MATERIALS PROVIDED
* * * *
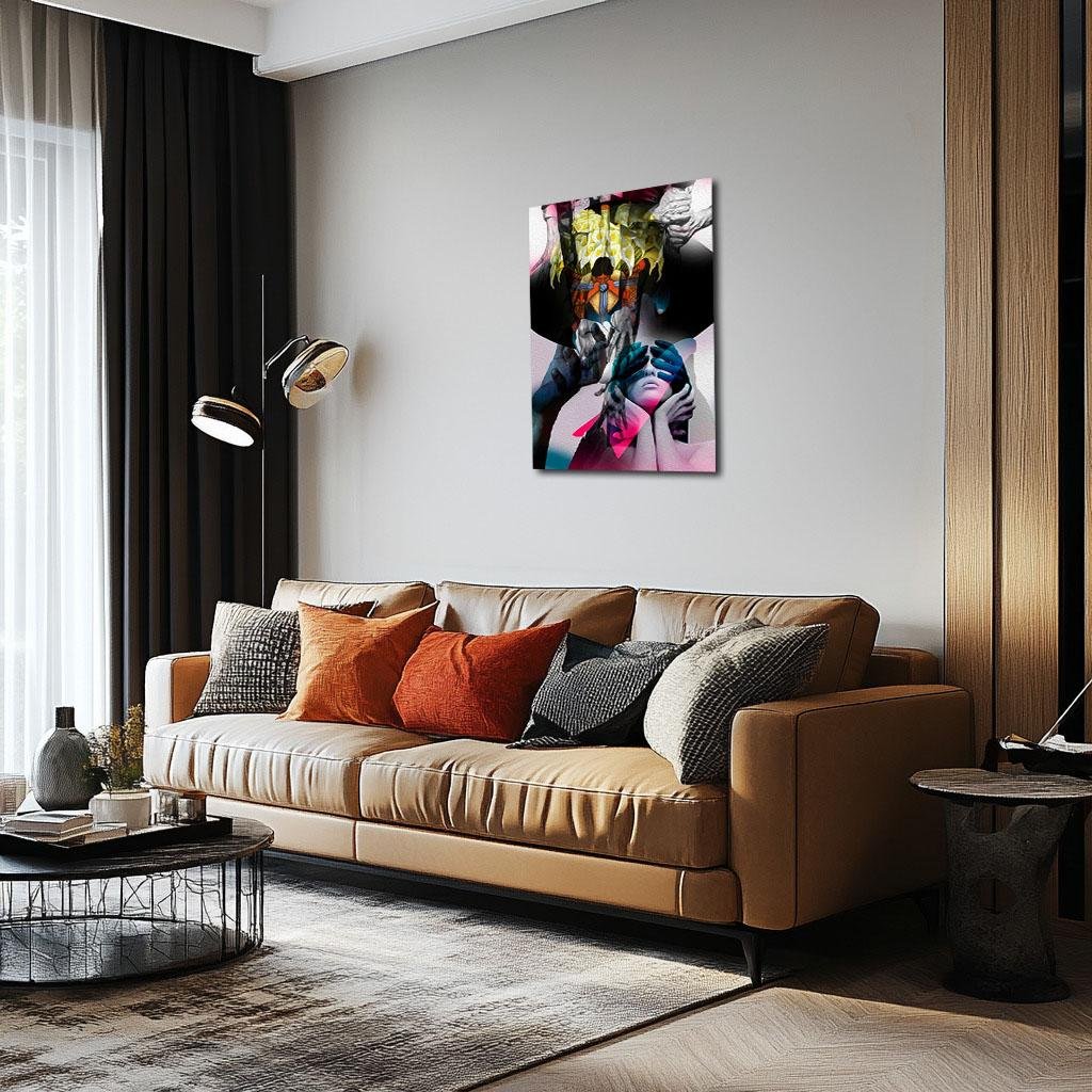 Behind and beneath the flower cluster, the entire canvas splits into ghostly dualities. On the lower half, a contemporary figure—stylized, ethereal, emotionally raw—emerges in fragments. Her face is half-lit, half-concealed, the hands over her eyes painted in streaks of neon pink and cyan. This contrast of modern hues against Rivera’s earth tones is jarring and intentional. Her posture mirrors the vendor’s: head bowed, enclosed. But where Rivera’s subject is weighed down by flowers, this woman is weighed down by perception itself—the layered hands suggest anxiety, censorship, overstimulation, even identity distortion in the digital age.
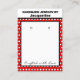 Handmade Jewelry by Name typography in black against white background. Red background with black and white polka dots. Crafted with love written in black script (keep or insert short tagline, or delete to leave area blank). Two Small Circles against white and black framed background. NOTE: Circles are not pre-cut, you will need to use a Small hole punch to make small clean cut holes. Backside has small red heart. Insert telephone number, email address, website, social media handle, as needed. Insert Your Business QR Code for customers to Shop 24/7, or delete as needed. Original Design by TamiraZDesigns.
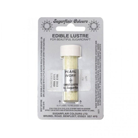 Pearl Ivory Edible Lustre Dust A fabulous silver white shimmering fine powder that will give your sugarcraft creations extra dimension, sparkle and glitz. Can also be used on chocolate and fruit. Apply either dry or with a little rejuvenator spirit for paint
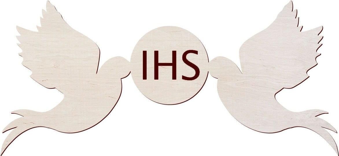 Drewniane scrapki konfetti - "gołąbki z hostią IHS". Świetnie nadają się do ozdabiania kartek oraz wielu innych przedmiotów do dekoracji na I Komunię Świętą. Materiał: sklejka. Kolor: naturalny. Wymiary: 5,5x2,5 cm. Opakowanie: 10 szt.
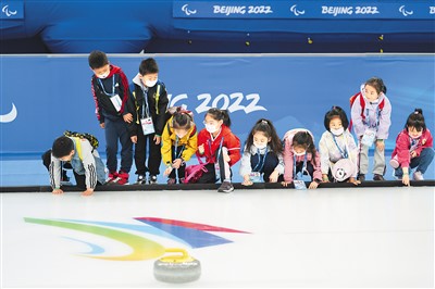 小朋友在国家游泳中心“冰立方”等候进行冰壶体验。 新华社记者 鞠焕宗摄
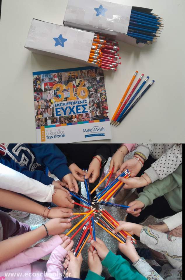 Οι μαθητές/τριες του Σχολείου μας και οι γονείς τους στήριξαν την πρωτοβουλία να προσφέρουμε στον οργανισμό Make-A-Wish Ελλάδας (Κάνε-Μια-Ευχή) με την αγορά 190 "Μεϊκ• ε• γουϊς" μολυβιών για να συμβάλλουμε κι εμείς στην εκπλήρωση ευχών των παιδιών που παλεύουν με σοβαρές ασθένειες. Με αφορμή την Παγκόσμια Ημέρα κατά του Παιδικού Καρκίνου, στις 15 Φεβρουαρίου 2025, ενώσαμε τις δυνάμεις και τις ευχές μας γι' αυτά τα παιδιά και τις οικογένειές τους ώστε να συνεχίσουν να πιστεύουν σε ένα καλύτερο αύριο.
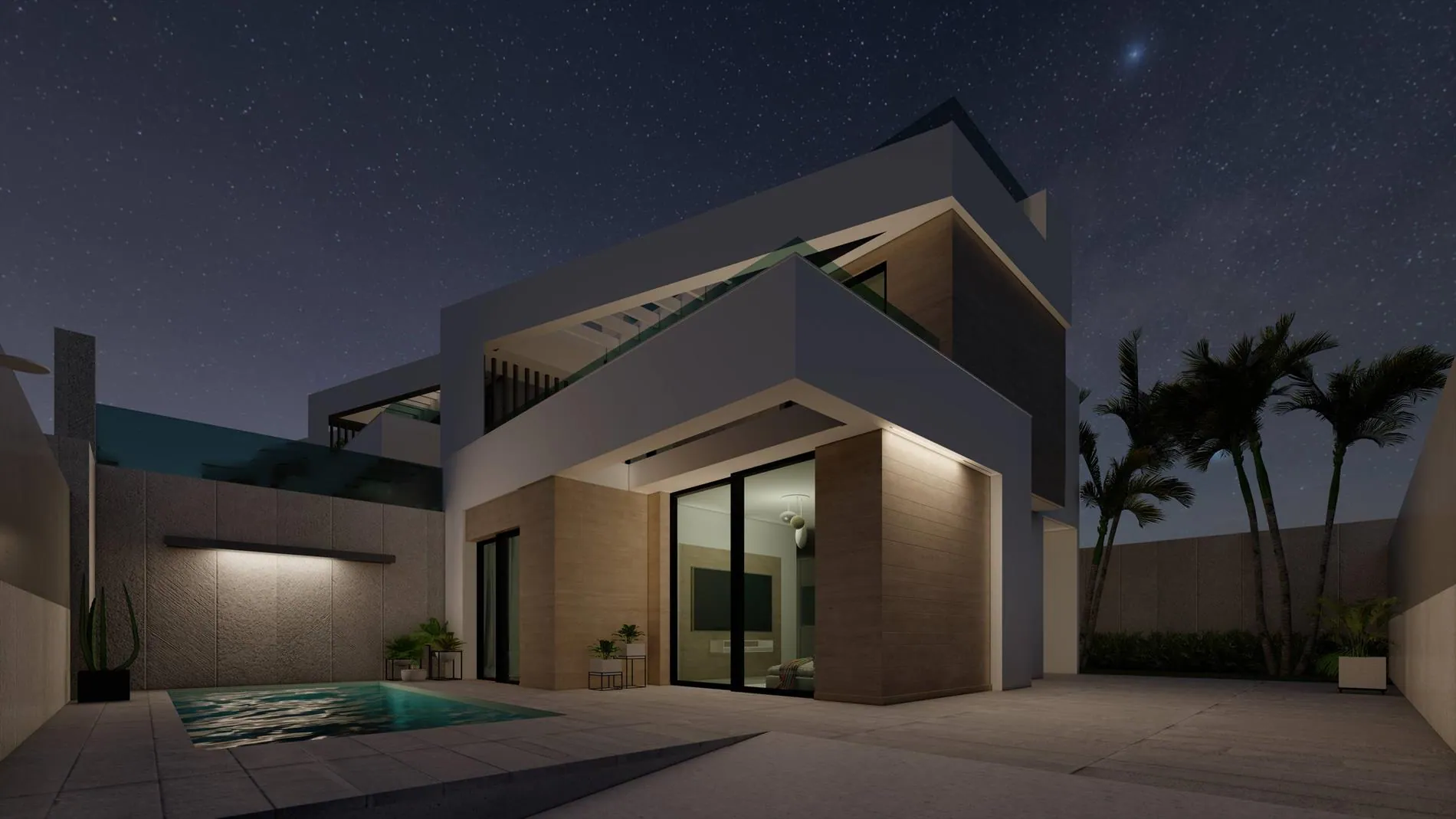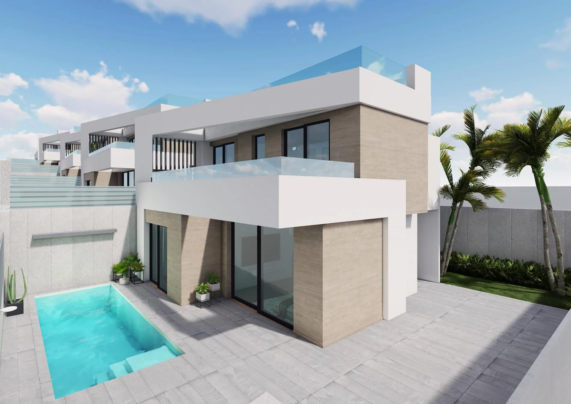 De villa's hebben een moderne uitstraling en werden afgewerkt met een solarium, eigen tuin en privé zwembad.
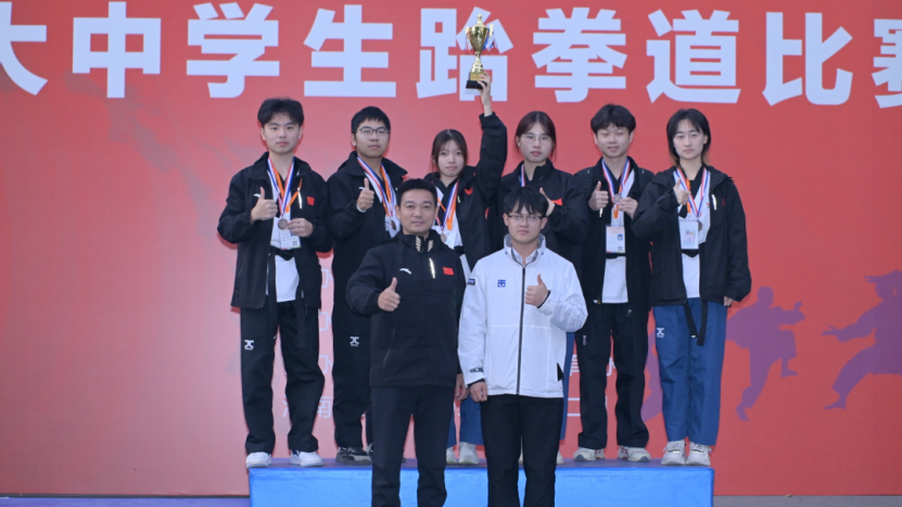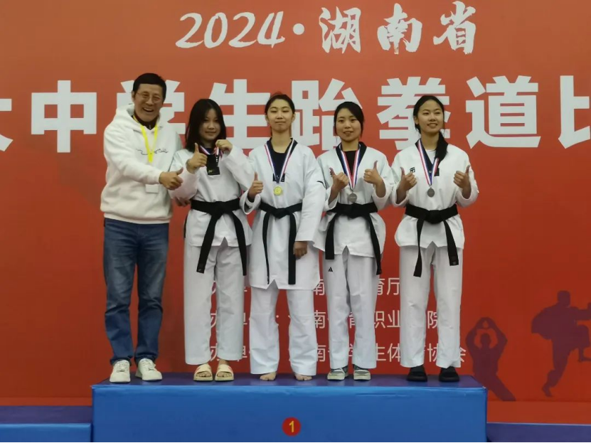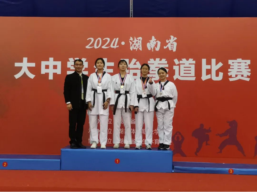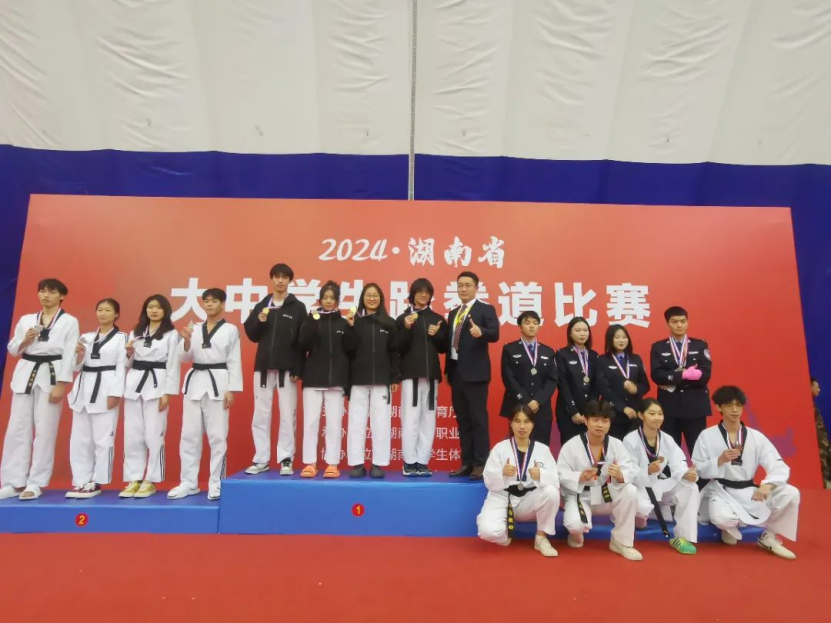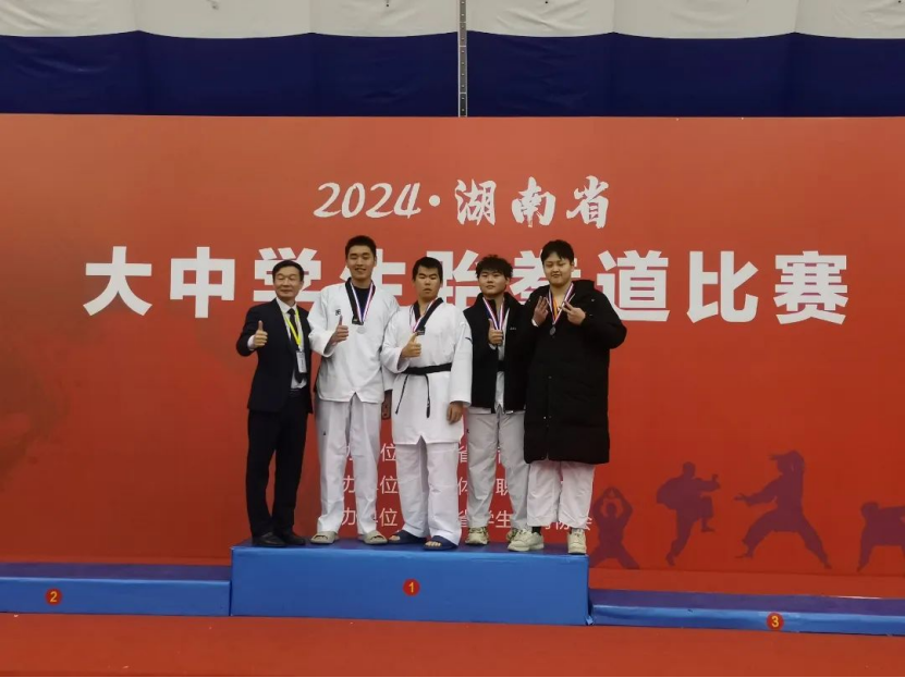 殊荣的背后,是学院党政领导高度重视“健体修业”建设,跆拳道队的建立,更是在学院领导正确领导、高度重视和鼎力支持下进行的,学院领导在跆拳道训练场地、训练器材和后勤保障方面给予了全方位支持。学校跆拳道队是一支最为年轻的跆拳道队伍,建队时间仅一年有余,大多数队员入队仅一学期,在教练带领下,在傅萧湘、廉君、曾齐晟三位队长协助下,全体队员坚持日复一日的艰苦训练与辛勤付出,坚持挑战自我、挑战极限,他们用一滴滴汗水浇灌胜利之花,用坚韧不拔、敢于挑战的体育精神诠释着对跆拳道运动的热爱与执着。展望未来,湖南农业大学跆拳道队将接续奋斗、砥砺前行,敢于拼搏挑战,续写更辉煌的篇章。
* * * *
YOUR GOAL
Which lines fall between the one containing "De villa's hebben" and the last line of the listing, both included? Give them again exactly, without the pictures.

THE COMPLETED TASK
 De villa's hebben een moderne uitstraling en werden afgewerkt met een solarium, eigen tuin en privé zwembad.
 殊荣的背后,是学院党政领导高度重视“健体修业”建设,跆拳道队的建立,更是在学院领导正确领导、高度重视和鼎力支持下进行的,学院领导在跆拳道训练场地、训练器材和后勤保障方面给予了全方位支持。学校跆拳道队是一支最为年轻的跆拳道队伍,建队时间仅一年有余,大多数队员入队仅一学期,在教练带领下,在傅萧湘、廉君、曾齐晟三位队长协助下,全体队员坚持日复一日的艰苦训练与辛勤付出,坚持挑战自我、挑战极限,他们用一滴滴汗水浇灌胜利之花,用坚韧不拔、敢于挑战的体育精神诠释着对跆拳道运动的热爱与执着。展望未来,湖南农业大学跆拳道队将接续奋斗、砥砺前行,敢于拼搏挑战,续写更辉煌的篇章。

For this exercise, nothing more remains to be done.